[Cross-posted from California WaterBlog]
By Karrigan Bork
Co-authored with Peter Moyle, John Durand, Tien-Chieh Hung and Andrew Rypel
A recent biological opinion (BiOp) released by the U.S. Fish and Wildlife Service (FWS) concluded that a proposed re-operation of California’s largest water projects will avoid driving the federally threatened Delta smelt to extinction. The plan proposes increasing water exports from the Central Valley Project and State Water Project, which will reduce water available for ecosystems and local uses. Both projects move water through pumps in the California Delta, a productive but sensitive ecosystem and home to the Delta smelt.
Under the federal Endangered Species Act (ESA), the FWS reviews federal agency actions to ensure that they will not drive listed species into extinction. In 2009, FWS reviewed the operation of the state and federal pumps that export water from the Delta and concluded in a BiOp that operation of the massive pumps jeopardizes the smelt’s continued existence. FWS required reduced pumping and other measures to protect the smelt, and those measure are currently in effect.

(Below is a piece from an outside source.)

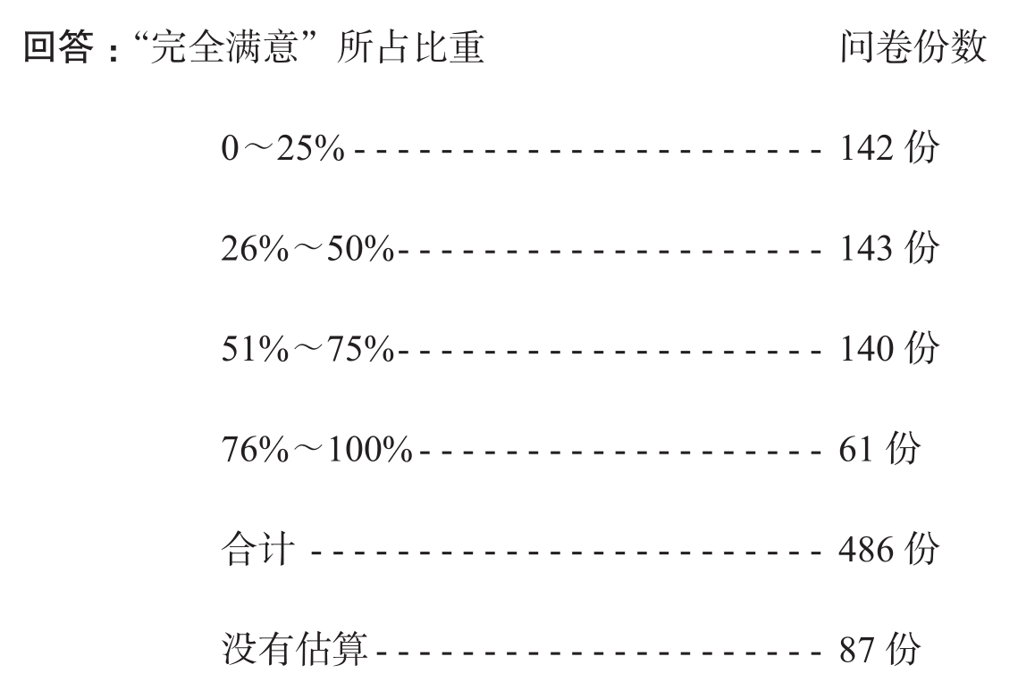 问题2: 在100家随机选择的上市公司中,你认为公司的管理让人完全满意的能占到多大的比例?
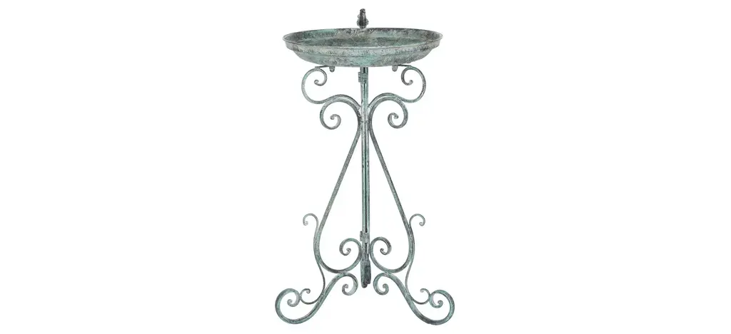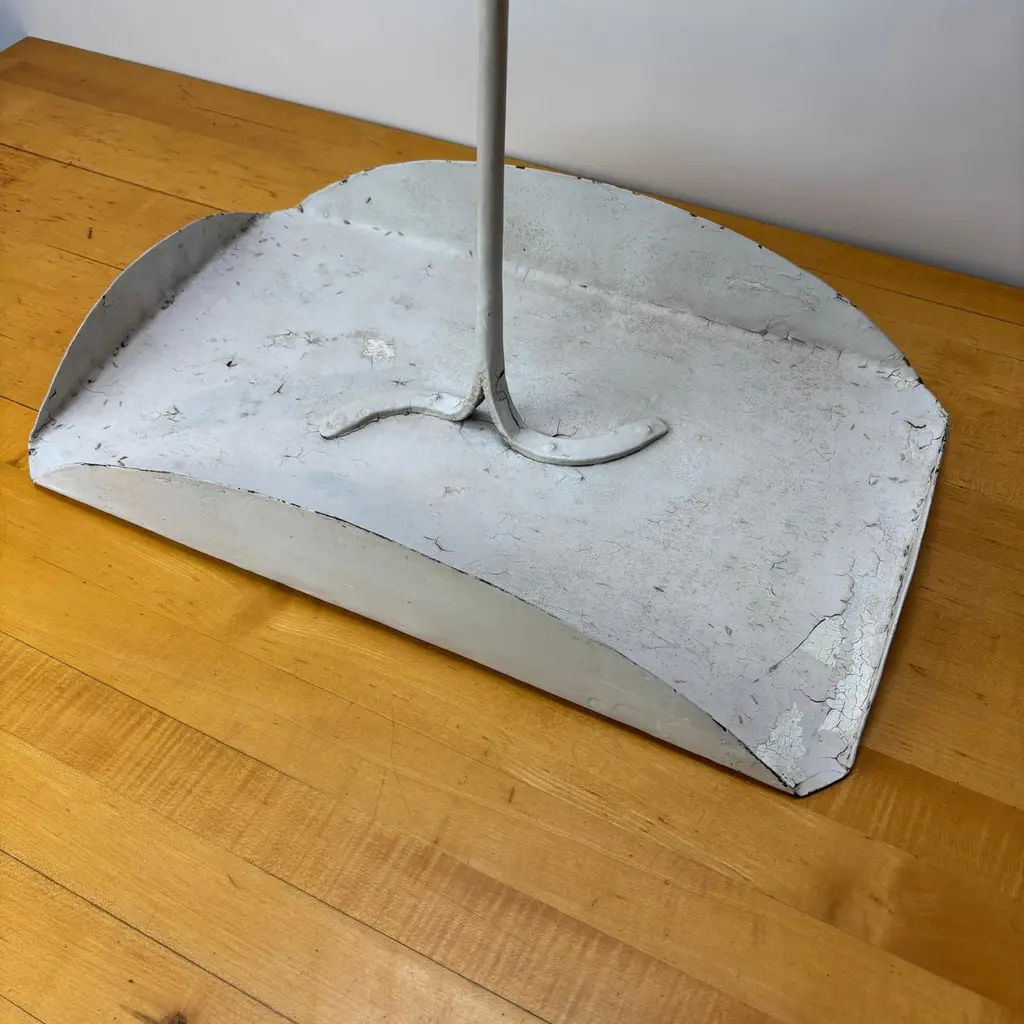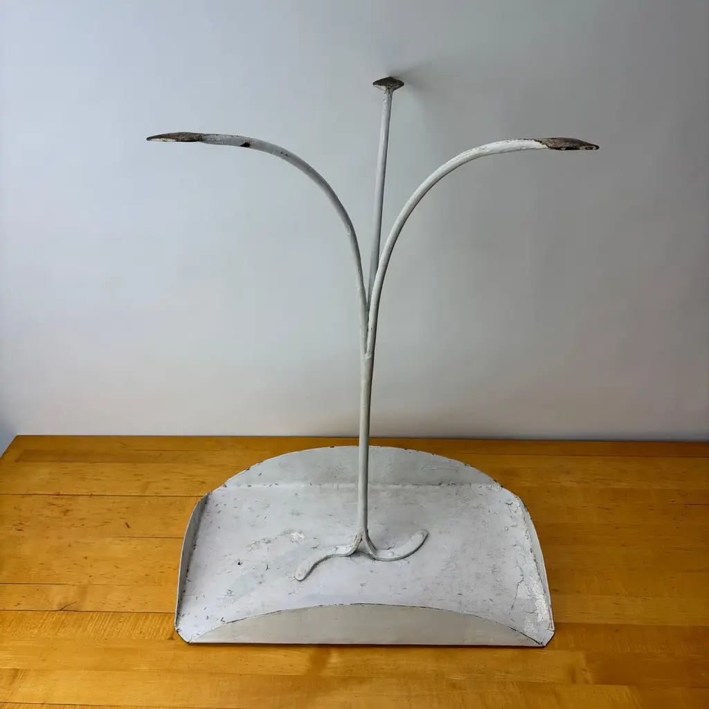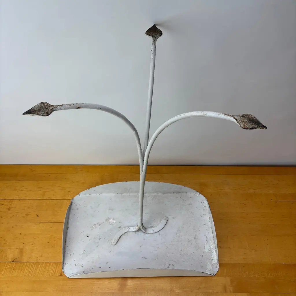 Hand forged garden table trip pod base with faux drape top.Forged details throughout, all feet are hammered into pointed leaf shapes the legs are attached mid height via a hammered weld.Great condition with many layers of white enamel.

In 2019, the FWS again reviewed this new plan for the pump operations and concluded that many of the 2009 protections were actually not necessary and that the pumps could export significantly more water without jeopardizing the smelt. It draws this conclusion in two ways. First, the opinion notes that “recent abundance trends strongly suggest [the smelt] is in the midst of demographic collapse” and will likely go extinct without intervention. Based on this existing trajectory, the opinion concludes it won’t be the project’s fault when smelt disappear. Second, the opinion implies that, because agencies will spend $1.5 billion on habitat restoration, a production hatchery for smelt, and other measures, the net effect for the smelt will be positive. Based on these considerations, FWS concluded that the new operation plan would not drive the smelt to extinction, although it acknowledges extinction might happen anyway.
But the BiOp considers a very narrow question. The BiOp does not consider whether the plan is likely to improve the smelt’s status, and this BiOp in particular constrains its analysis so it does not meaningfully consider what is likely to happen to the Delta smelt under the new plans.
So, moving away from the narrow BiOp and considering the smelt in a broader context, what is going to happen to smelt in the wild? Is extinction likely? This essay explores some issues affecting Delta smelt and suggests possible futures. This blog is a short version of a longer white paper (with references) available at: https://watershed.ucdavis.edu/shed/lund/papers/FuturesForDeltaSmeltDecember2019.pdf.
The basic problem
The estuary where Delta smelt evolved no longer exists, and smelt are poorly adapted for the new conditions. Much of the water that once flowed through the estuary is stored or diverted upstream or exported by the south Delta pumps (Hobbs et al. 2017; Moyle et al. 2016, 2018). The smelt’s historical marsh habitats are now artificial channels and levees protecting agricultural islands. These hydrologic and physical changes make the Delta prone to invasion by non-native organisms, some of which disrupt food webs and confound restoration. Lower flows allow salts, toxic chemicals, and nutrients to accumulate. Harmful algae blooms occur regularly. As climate change further disrupts flows and increases temperatures, little historical habitat is left for sensitive species like smelt.
A tipping point
Smelt populations have probably been in gradual decline since at least the 1950s (Figure 1), but their population has collapsed since the 1980s, tracking the increase in water exports (Figure 2). This correlation is compelling, but other major system changes took place in the same period. In the late 1980s, an invasive clam spread through the Delta, removing much of the smelt’s planktonic food supply. Concurrently, invasive weeds spread across the Delta, transforming former Delta smelt habitats into clear, food limited, lake-like environments. From 1969-89, the Delta tipped away from good smelt habitat to a novel ecosystem unfavorable to smelt. This shift is practically irreversible, and the shift put the Delta smelt on a trajectory toward extinction as a wild fish. It is currently largely absent from surveys that once tracked its abundance.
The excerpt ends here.